Following the processing in step S45, step S46, or step S49 being completed, the decoding control unit 62 (the decoding control unit 62 of the CPU 221) determines in step S50 whether or not the processing of all of the pictures of which playback instructions were received has been completed. In the event that determination is made in step S50 that processing of all pictures of which playback instructions were received has not ended, the flow returns to step S42, and the subsequent processing is repeated. In the event that determination is made in step S50 that the processing of all of the pictures of which playback instructions were received has been completed, the processing ends.

The period of time necessary for decoding a P picture or B picture with the above processing is reduced as described with reference to FIGS. 7 and 8 as compared with the past case.

Thus, the player device 1 to which the present invention is applied is made up of the converting unit 11 for receiving a compressed bit stream, analyzing this to generate an index file, and also converting the P picture into an I picture to generate a proxy file, and the playing unit 12 for realizing the decoding processing of a predetermined frames at high speed in response to user operating input based on the compressed bit stream, index file, and proxy file.
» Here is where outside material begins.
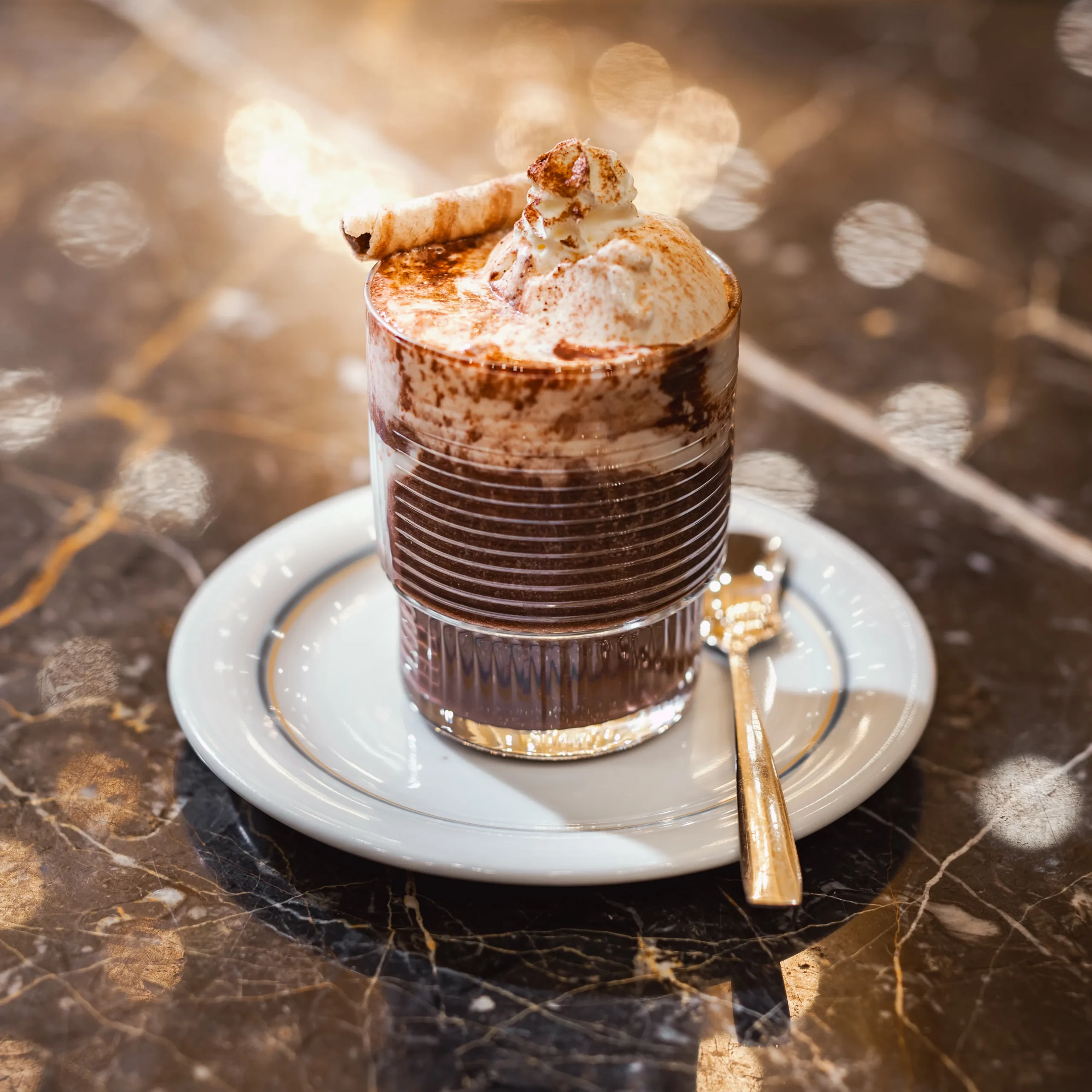 هات چاکلت ، شیر ، یک اسکوپ بستنی وانیلی

Also, the personal computer 201 to which the present invention has been applied can have the same functions as those of the converting unit 11 and playing unit 12 of the player device 1 in FIG. 1 by executing predetermined programs.

With the converting unit 11, only the I pictures and P pictures are decoded from the supplied original bit stream, and only the frames corresponding to the P picture are encoded again as I pictures, thereby generating a proxy file.

At this time, the data rate of the I pictures of the generated proxy file may be of a fixed rate or may be varied according to the frame rate of the head I picture in the GOP corresponding to the original bit stream (i.e., may be a varied rate).

The index file generated at the converting unit 11 includes not only information necessary for decoding the original bit stream, but also includes information relating to the picture size and addresses and the like of the I pictures included in the proxy file, i.e., of the frames which were P pictures in the original bit stream but then encoded as I pictures.

With the playing unit 12, the index file is referenced, and in the event of decoding the I picture in the original bit stream to play and output this, the corresponding I picture in the original bit stream is decoded. In the event of decoding the P picture in the original bit stream to play and output this, the corresponding I picture in the proxy file (the P picture in the original bit stream) is decoded. In the event of decoding the B picture in the original bit stream to play and output this, the I pictures in the original bit stream before and after the B picture to be played and output, or the I pictures of the proxy file (the P picture in the original bit stream) are decoded so as to be employed as a reference image, thereby decoding the B picture of the original bit stream.

Thus, the decoding time in random playback can be reduced.

Also, performing PI conversion wherein P pictures are converted into I pictures and switching between the pre-conversion stream and the converted portions thereof so as to perform decoding processing as described above enables the decoding time to be reduced and random access capabilities to be improved. However, the process for converting the P picture portions of the original stream into I pictures before editing or playback takes time. For example, if we say that there are 5 P pictures in a 15-frame stream in 1 GOP, it takes time to decode all of the 5 frames and convert into I pictures (re-encode following decoding).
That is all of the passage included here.